As we return to the beginning of this passage, we are reminded that God has maintained His judgment. The Vulgate has fecisti which generally is somewhat generic for done, made. Hence St. Augustine reads it as made my judgment. However, since the Psalmist speaks of this judgment being done in respect to His enemies (cf. Psalm 9:4); it maintained is a reasonable translation in the Douay-Rheims since that speaks to support, or—this case—vindication.
The Cross thus becomes the chosen means by which our Lord reigns over his enemies and thus stands in judgment of them since He is Lord over All and King of Kings. The Divine Office makes use of this figure in its fitting juxtaposition of the following antiphon and the final verses of Psalm 97 at Matins for the Feast of the Most Holy Rosary:
Antiphon: Crucis impérium * super húmerum eius: regnávit a ligno Deus.
Antiphon: The government was upon His shoulder, * even the cross; from the tree hath God reigned.
The rivers shall clap their hands, the mountains shall rejoice together at the presence of the Lord: * because he cometh to judge the earth.

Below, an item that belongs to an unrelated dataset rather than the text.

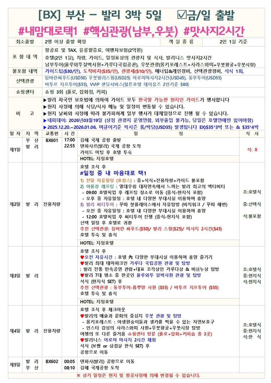 #발리여행분석 #내맘대로발리 #머큐어레기안 #부산직항특가 #아융강래프팅 #호캉스패키지 #10월29일마감 #여행보험확대 #발리입국정보 #티스토리여행 #발리마사지 #발리관광세 #우붓여행 #발리특가 #해피투어 #부산출발해외여행추천 #부산출발해외여행 #부산직항해외여행 #해피투어 #특가해외여행 #땡처리해외여행 #부산패키지

He shall judge the world with justice, * and the people with equity. (Psalm 97:8-9 DR)
For this animation I found a figure of a person, isolated it in Photoshop and brought it into After Effects. I didn’t have a clear idea of what I wanted to do, so I brought in some textures and played around with some different looks and styles and plugins until I came up with this. I don’t know exactly what bearing it has on the passage, but I liked the way it looked. It is a combination of Stretch and HydroChrome, and I simply modified the parameters until I came up with a look I liked.
Enjoy.
For thou hast maintained my judgment and my cause: thou hast sat on the throne, who judgest justice.